Not that other newspaper websites are significantly better.
The (daily) Herald is clearly worried that it does not have enough daily content - so it continues to list articles that are days old, without dating them on the summary pages. And it must be one of the most primitive websites around in terms of design. It is worth checking out their so-called political blogs - apparently, updating once in a blue moon is sufficient. (As of yesterday, the most recent posting on one of the blogs was 18 July. Again, why bother if you do not take it seriously?)
Meanwhile,
The Scotsman continues to pursue its policy of hiding its opinion pages behind a firewall requiring payment. Does it think that this will enhance its influence over the opinion formers? Who cares what Peter McMahon or Hamish Whatever writes if it cannot be linked to? Once again, why run a website if you want to hide away the 'good' bits? I can't believe it makes much money. But at least the website is technically competent and usually functional.

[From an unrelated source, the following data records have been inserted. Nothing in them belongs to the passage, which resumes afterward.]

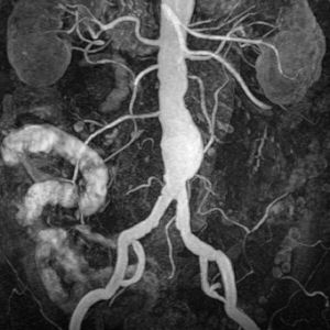 Abdominal aortic aneurysm (enlarged area in the lower part of the aorta) seen by MRI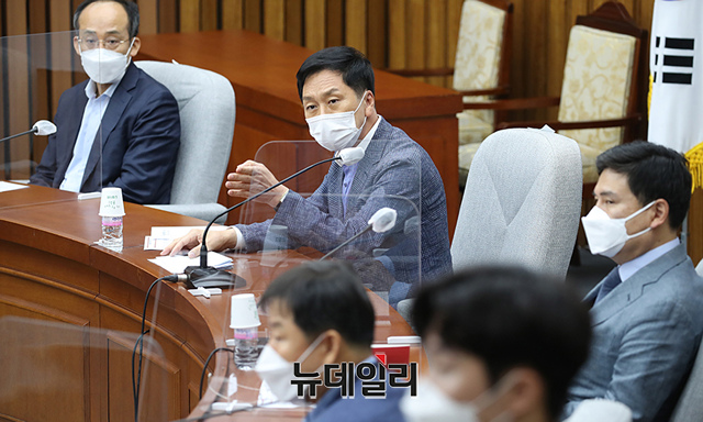 김기현 국민의힘 원내대표가 15일 오전 국회에서 열린 원내대책회의에 참석해 모두발언을 하고 있다. (사진=국민의힘)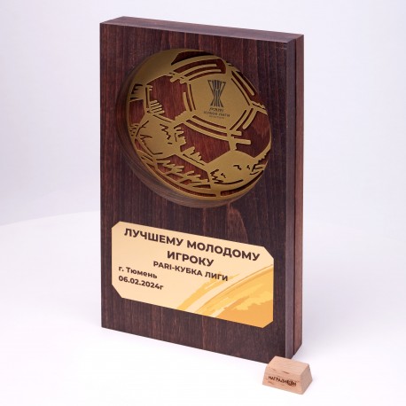 Приз представляет из себя деревянную конструкцию, оснащенную металлическими вставками мяча и таблички.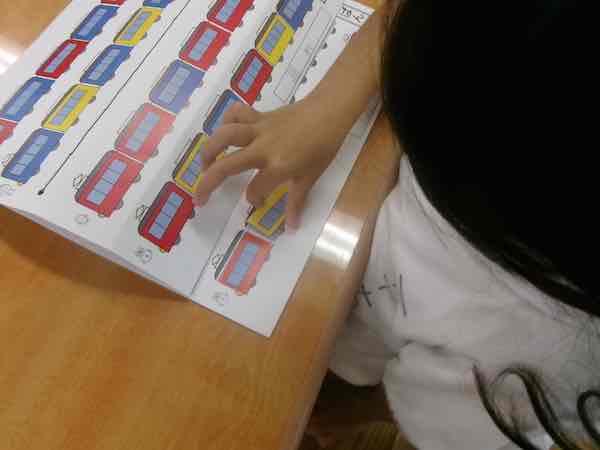 見本にある通りに、色々な色の電車を並べるという課題でした。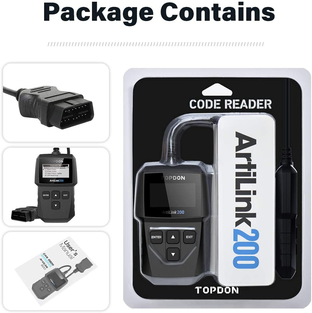 Code Reading/Scanning – AL200 OBD2 code reader works on MOST 1996 and newer vehicles, regardless of makes and models sold in the US, Europe, and Asia. It can help you read DTCs (diagnostic trouble codes) when the MIL is on. Additionally, the built-inDTC library helps find the related code definitions, to determine the root cause of the Check Engine Light, saving you from searching online.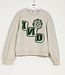 INDEE crewneck college sweater TATTOO grijs met groene flockprint. Style je outfit met deze stoere vintage look sweater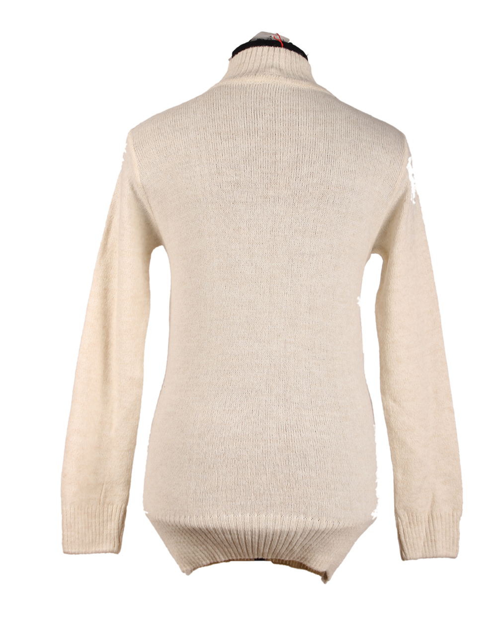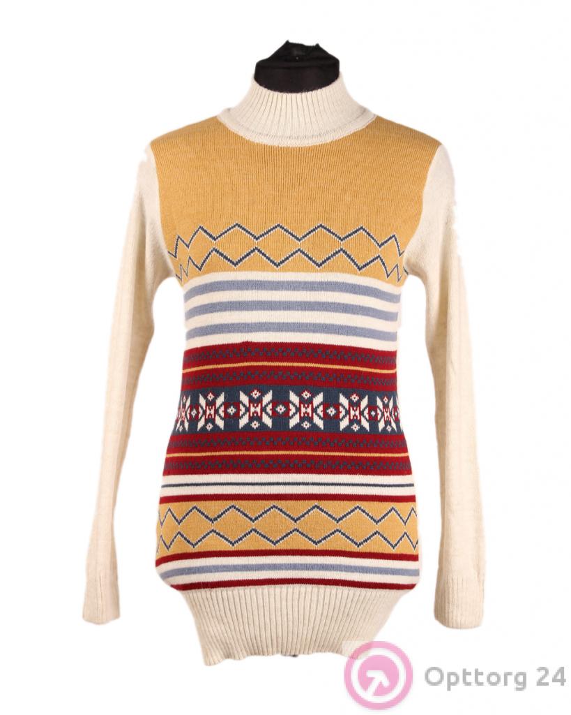 Комфортная шерстяная туника с длинными рукавами и высоким воротником. Модель выполнена в молочном цвете, спереди красивый разноцветный геометрический рисунок. Спинка однотонная. Горловина и низ изделия обвязаны резинкой. Туника хорошо носится, мягкая и приятная на ощупь. Отлично согревает в прохладное время года.

The Guardian claims to have one of the best and most-read websites in the newspaper world. And I used to think that it was indeed one of the best and easiest to use. But that was until they introduced their new introductory page. Anyone using dial-up (as I am forced to do occasionally) will recognise that the page is so overfilled with photographs and links that it takes far too long to load. It is as if you were covering up a set of efficient and competent knickers with a flashy and incompetent fur coat whose buttons are deliberately designed to make life difficult. (And, as someone who makes regular use of its tv schedules, this nonsense that they are updated daily at 5.25am, when they are frequently not updated until 8am, is irritating - and, if they are prepared to list the Sky Sports schedules, why not Setanta?) Thankfully, The Observer retains the old Guardian format, which in my eyes makes it the best newspaper website available. Shame about its content, which seems to have gone irretrievably downhill since its conversion to tabloid format.
Since its re-design,
The Times website has become clunky in the extreme, while its Sunday counterpart continues to refuse to publish its Ecosse section. And what happened to the Scottish version of the daily newspaper that we were promised earlier in the year?
The Independent website is fairly primitive, like The Herald. Also like The Herald, it lists articles from previous days, but at least it has the grace to date them properly. Curiously, it divides its columnists into two sections according to their place in the alphabet - what's that all about then?
The Telegraph has a reasonably competent website but it relies for its Scottish news on that maddo Cochrane whose reports increasingly seem to come from a foreign country.
The tabloids are beneath contempt.
The one good thing is that they are all free. Why buy a newspaper?